Wednesday, November 22, 2006

Companies that Need SOA the Most Are Least Likely to Implement It

My eyes were drawn today to an ITBusinessEdge post "Companies that Need SOA the Most Are Least Likely to Implement It". How could I resist that title? (That reminds me of a previous post of mine "Naming Well, an Essential Skill of an I/T Architect" but I degress.) That post in turn drove to yet another cleverly named post

Is SOA success in the genes? by ZDNet's Joe McKendrick -- Todd Biske recently responded to my post about Microsoft's recommended approach to SOA (inch by inch, it's a cinch; mile by mile, its a trial), and ponders whether some organizations can get SOA right away, but others will never get it.
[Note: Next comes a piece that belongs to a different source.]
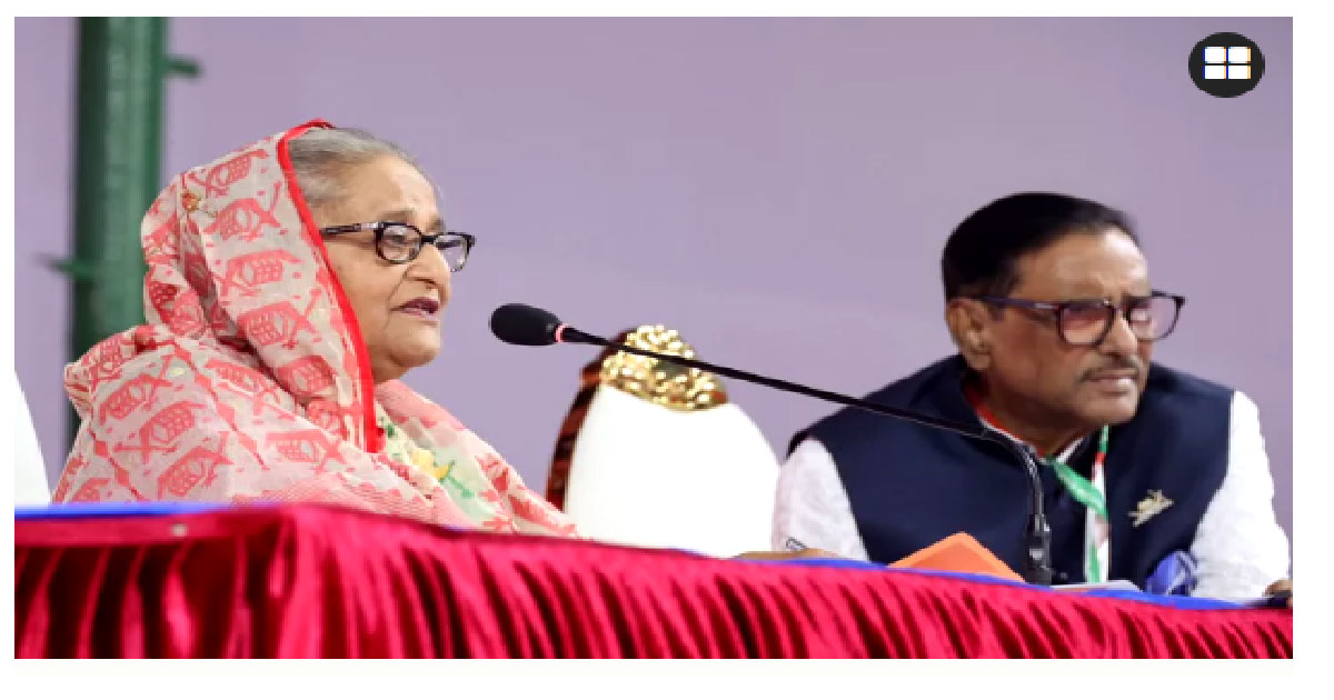 আওয়ামী লীগের সম্মেলনস্থলে শেখ হাসিনা

How do organizations end up with their IT out of synch with business [...]

The basic premise here is worth entertaining. Companies that already have good alignment of I/T and business, already have good governance in place, already think proactively and strategically about I/T, etc. will find moving to a Service Oriented Architecture just the next incremental step in their improvement process. For the other companies out there (the vast majority?), the gap between where they are today and SOA is an insurmountable chasm that they dare not even try to cross.

I think there is an element of truth. I've seen a lot of situations where a company could benefit from new approaches but because they organize a bunch of independently funded, tactical projects no one project can fund the leap to the next level of maturity and flexibility. (See also "The Scourge of the I/T Architect's Universe".) Just a couple of weeks ago an acquanitance of mine at a major manufacturer told me he was interested in using SOA software products for their EAI-like-middleware value but he didn't think his organization was ready to embrace SOA yet. I guess this is like "flying under the radar" to wait until the political situation is more receptive to SOA.